What is a Bloom filter

The name is like every law, you ask why it’s Called Newton’s law, because Newton invented it or discovered it. “His”

What can he do? It maps a binary vector to a function. Bloom filters can be used to detect the presence of elements in a set or for quick retrieval.

Disadvantages: There are certain deletion issues and error recognition rates

Advantages: Query time and space are far more than the ordinary algorithm

How to implement Bloom Filter

When adding Item or element, create a hash function and a KEY to form a mapping. Set the data =1, as long as the retrieval judgment =1 to know whether the data exists or not, with this method, when the query is found to have 0, the proof must not exist, so on the other hand, if the element is 1, the proof is likely to exist.

Notice why it is said that it is likely to exist, because it has a certain identification error, but this error can be ignored in the actual production process, after all, the advantages outweigh the disadvantages.

Look at the text dizzy, motionless on the drawing, to see should understand a lot of.

People speaking

What exactly does a Bloom filter do?

Special ID not mention ha, database ID is basically self-increasing right! We pass the ID back end to the DB query, which makes perfect sense.

But what if we use negative numbers? One or two doesn’t matter. What if there are thousands? Basically the database will be a lot of pressure to bear, server configuration, not to mention, slow down the system running speed and even downtime are possible, so is not a bit of bloom filter show incisively and vividly. “Dog”
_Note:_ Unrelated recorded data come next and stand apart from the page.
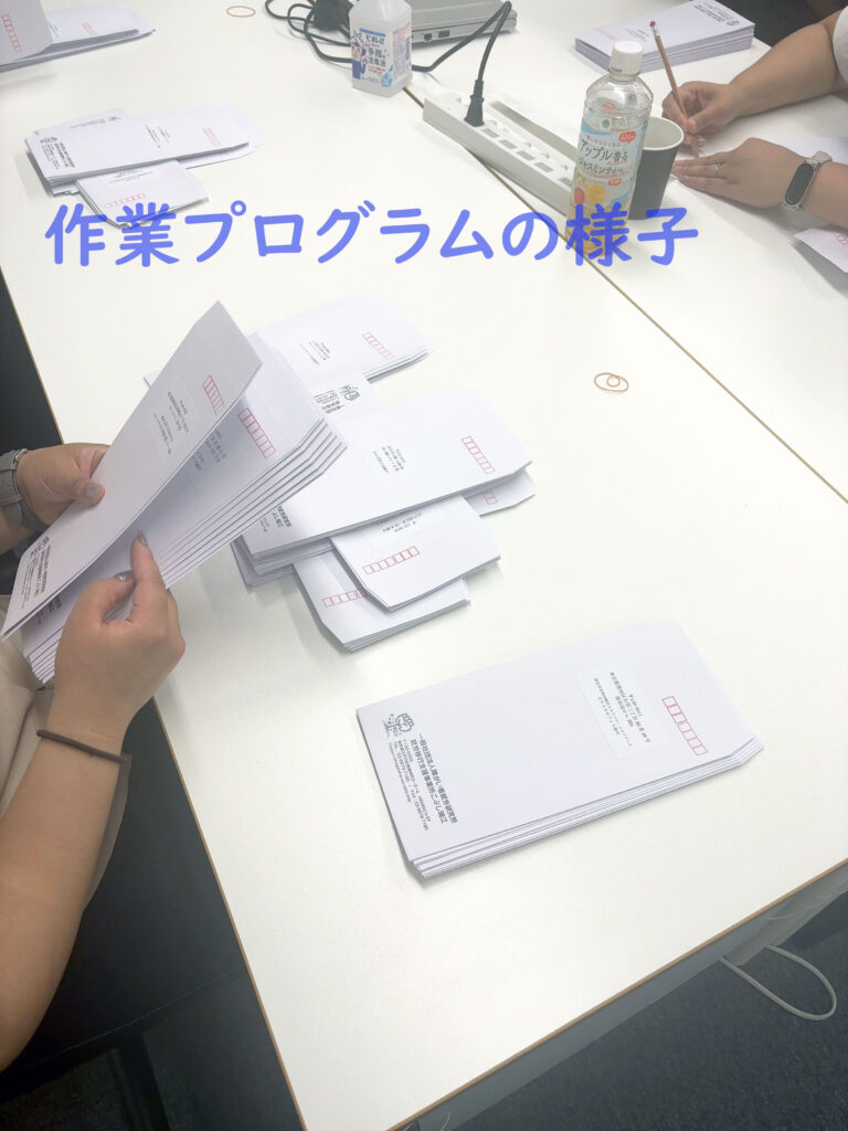 こぶし瑞江ではこのように個別のプログラムとは別に作業を行う訓練プログラムも実施しています。
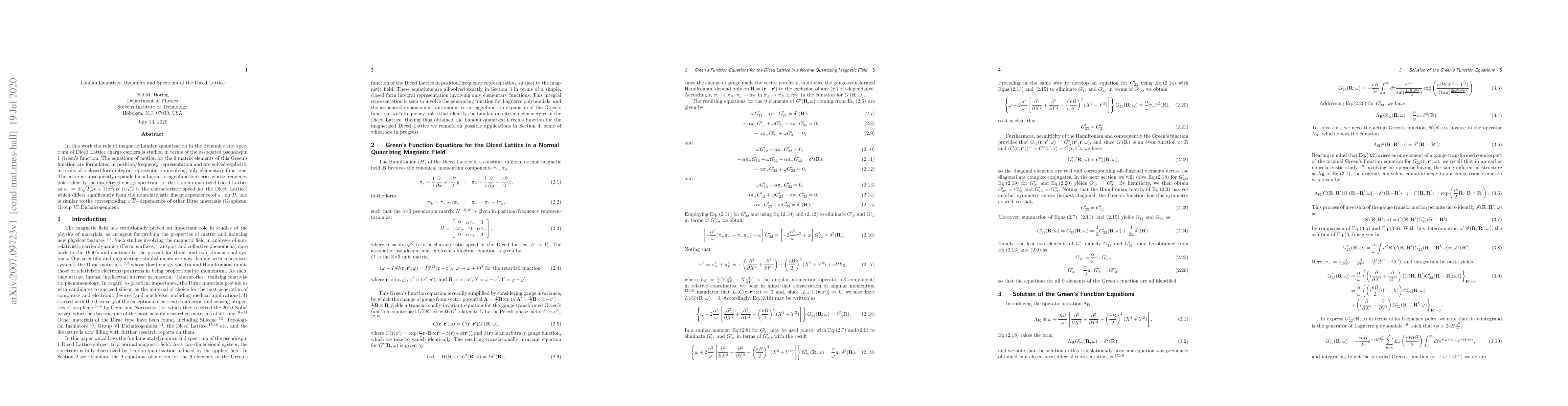 In this work the role of magnetic Landau quantization in the dynamics and spectrum of Diced Lattice charge carriers is studied in terms of the associated pseudospin 1 Green's function. The equations of motion for the 9 matrix elements of this Green's function are formulated in position/frequency representation and are solved explicitly in terms of a closed form integral representation involving only elementary functions. The latter is subsequently expanded in a Laguerre eigenfunction series whose frequency poles identify the discretized energy spectrum for the Landau-quantized Diced Lattice as $\epsilon_n = \pm\sqrt{2(2n+1)\alpha^2 eB}$ ($\alpha\sqrt{2}$ is the characteristic speed for the Diced Lattice) which differs significantly from the nonrelativistic linear dependence of $\epsilon_n$ on $B$, and is similar to the corresponding $\sqrt{B}-$dependence of other Dirac materials (Graphene, Group VI Dichalcogenides).
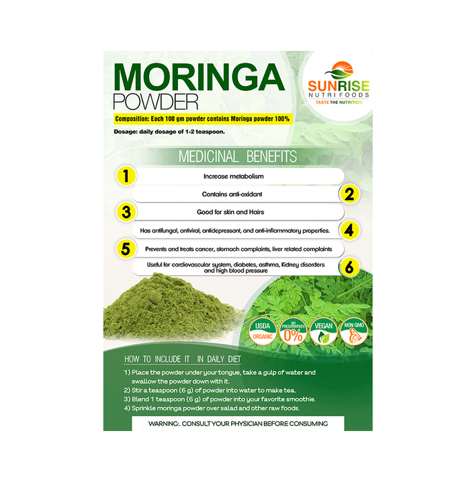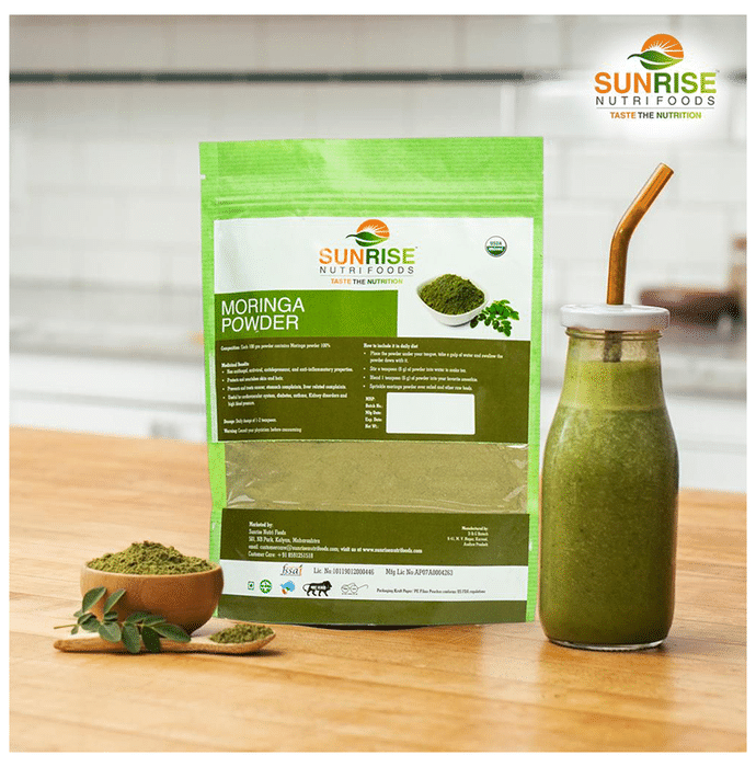 Sunrise Nutri Foods Moringa Powder Sunrise Nutri Foods Moringa Powder is organic and US-DA certified product. Moringa Leaf Powder is very useful for diabetic patients as it contains chlorogenic acid, moringinine and quercitine, which are very useful for reducing glucose level in blood.
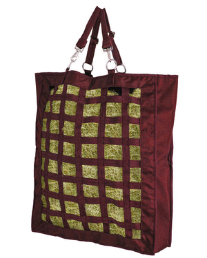Hay bag with a net front made of wide strips of fabric. Features 4 rings on the tops with adjustable loops to hang the bag. The loops can be ran through the rings to close the bag.
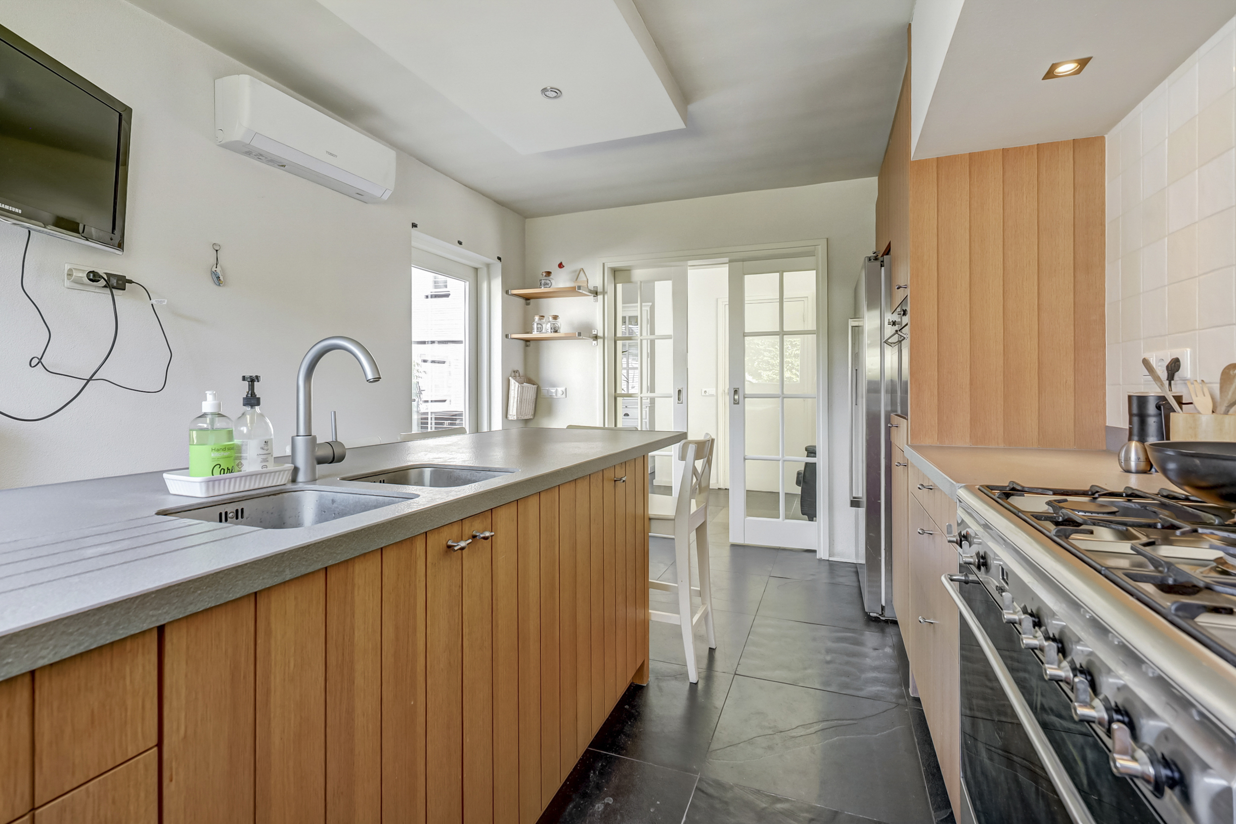 - Moderne keuken met een sfeervol spoeleiland en en-suite deuren;

So hanging, also has a price, because it is also uncertain, there is a certain degree of error of judgment!

Q: Why the miscarriage of justice?

A: The search key is not in the container, but the hash key is always 1. If the Bloom filter has a blacklist, then create a whitelist.
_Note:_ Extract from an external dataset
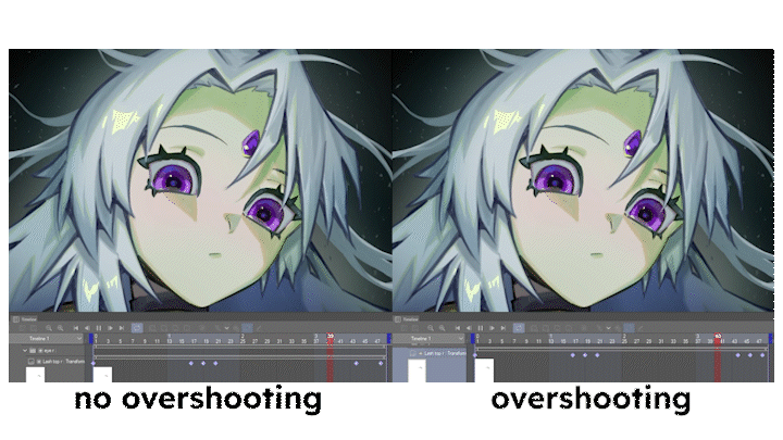 為了讓張大眼睛的動作看起來更自然,我使用了一種動畫技術叫做過度伸展。在這種情況下,我只是讓眼睛在放鬆之前稍微張大一點,這有助於誇大動作並使動畫更具爆發力。你可以在這裡看到比較。
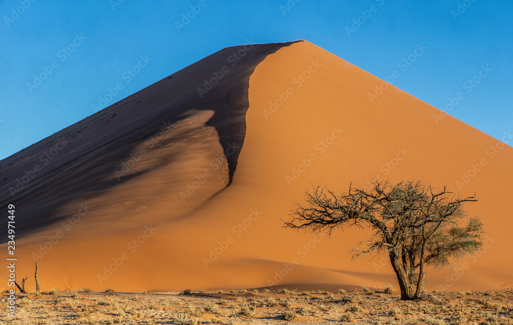 Single tree on the background of a beautiful dune and blue sky. Stunning light and color. Africa. Landscapes of Namibia. Sossusvlei. Namib-Naukluft National Park.

Q: Why isn’t it easy to delete?

Counting Bloom Filter Key =1; Counting Bloom Filter Key =1;

So much said about how to achieve

1: estimated quantity n and expected misjudgment rate FPP

2: size of hash function and bit set

Bit Set Size Size

Function hash select, estimate n and bit array length m to get hash function Key

How does it work? Maven project

 <dependency>
            <groupId>com.google.guava</groupId>
            <artifactId>guava</artifactId>
            <version>23.0</version>
 </dependency>    



Copy the code

A piece of test code I wrote

/** * Bloom filter - used for redis cache penetration *@authorAuthor northwest Big zongzi */
public class TestBloomFilterByDZZ {

    private static int total = 19999;
    private static BloomFilter<Integer> bfilter = BloomFilter.create(Funnels.integerFunnel(), total);

  // Initialize the data
    public static void main(String[] args) {
        for (int i = 0; i < total; i++) {
            bfilter.put(i);
        }

        // If there are any mismatches
        for (int i = 0; i < total; i++) {
            if(! bfilter.mightContain(i)) { System.out.println("Did not pay attention to the northwest big zongzi slip..."); }}// How many more inside matches out
        int count = 0;
        for (int i = total; i < total + 10000; i++) {
            if (bfilter.mightContain(i)) {
                count++;
            }
        }
        System.out.println("Run with cannon fodder:"+ count); }}Copy the code

Applicable service scenarios

1: When a large amount of data is stored in the database, it can be used as a name or unique item for checking. If the data exists, it will be skipped and stored in the database if it does not exist

2: filtering spam, which is a calculation you can combine with your own business to understand.

Daily attention, quality of a key three.

Write at least 3 original articles a week to leave something behind when you’re being tortured by business.

Recently like a sentence “Dao no art, art can be sought. If there is art, there is no tao.